**HOW TO COMPLETE THIS TASK**: Could you give the data below again exactly, apart from the pictures?

Start of SOURCE DATA

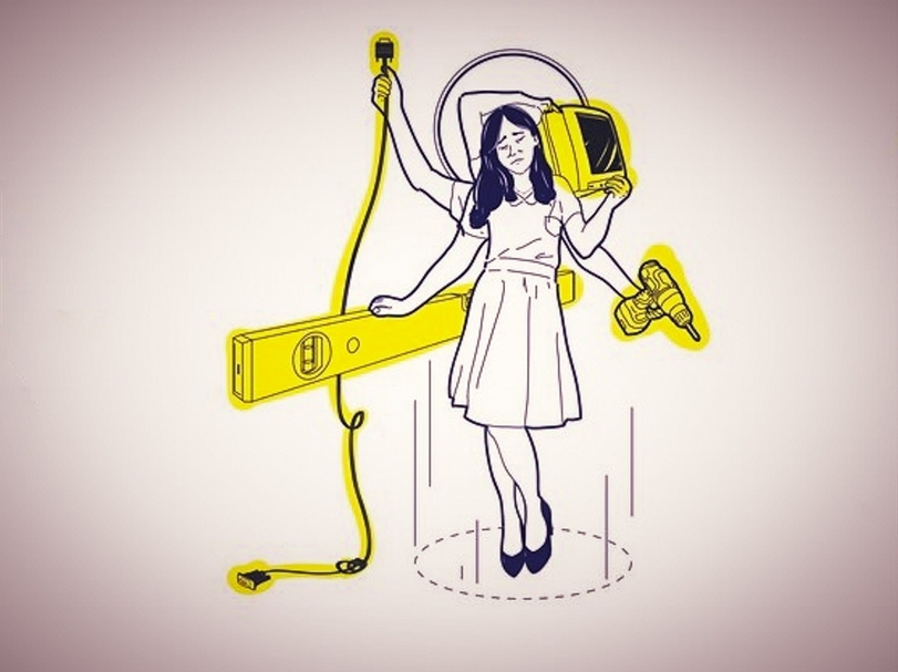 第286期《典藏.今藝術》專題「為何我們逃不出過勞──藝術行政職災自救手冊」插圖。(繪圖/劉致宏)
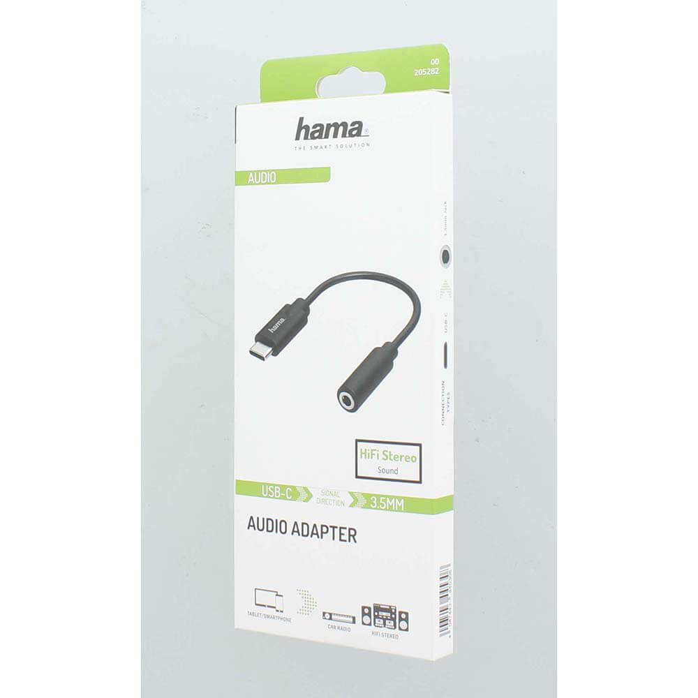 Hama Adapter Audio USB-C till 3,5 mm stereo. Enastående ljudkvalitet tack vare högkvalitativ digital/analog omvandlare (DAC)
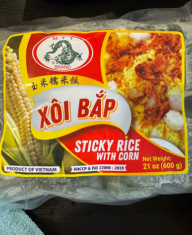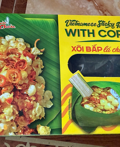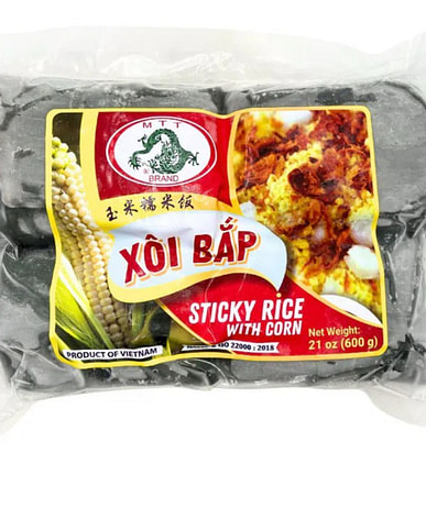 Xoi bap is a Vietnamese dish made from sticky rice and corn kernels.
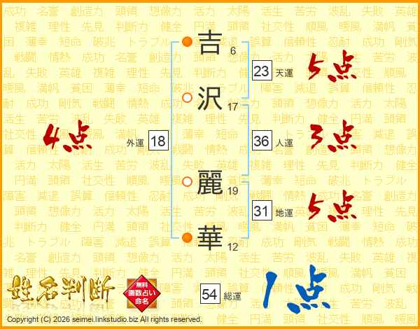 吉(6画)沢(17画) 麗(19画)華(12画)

End of SOURCE DATA

**TASK SOLUTION**:
 第286期《典藏.今藝術》專題「為何我們逃不出過勞──藝術行政職災自救手冊」插圖。(繪圖/劉致宏)
 Hama Adapter Audio USB-C till 3,5 mm stereo. Enastående ljudkvalitet tack vare högkvalitativ digital/analog omvandlare (DAC)
 Xoi bap is a Vietnamese dish made from sticky rice and corn kernels.
 吉(6画)沢(17画) 麗(19画)華(12画)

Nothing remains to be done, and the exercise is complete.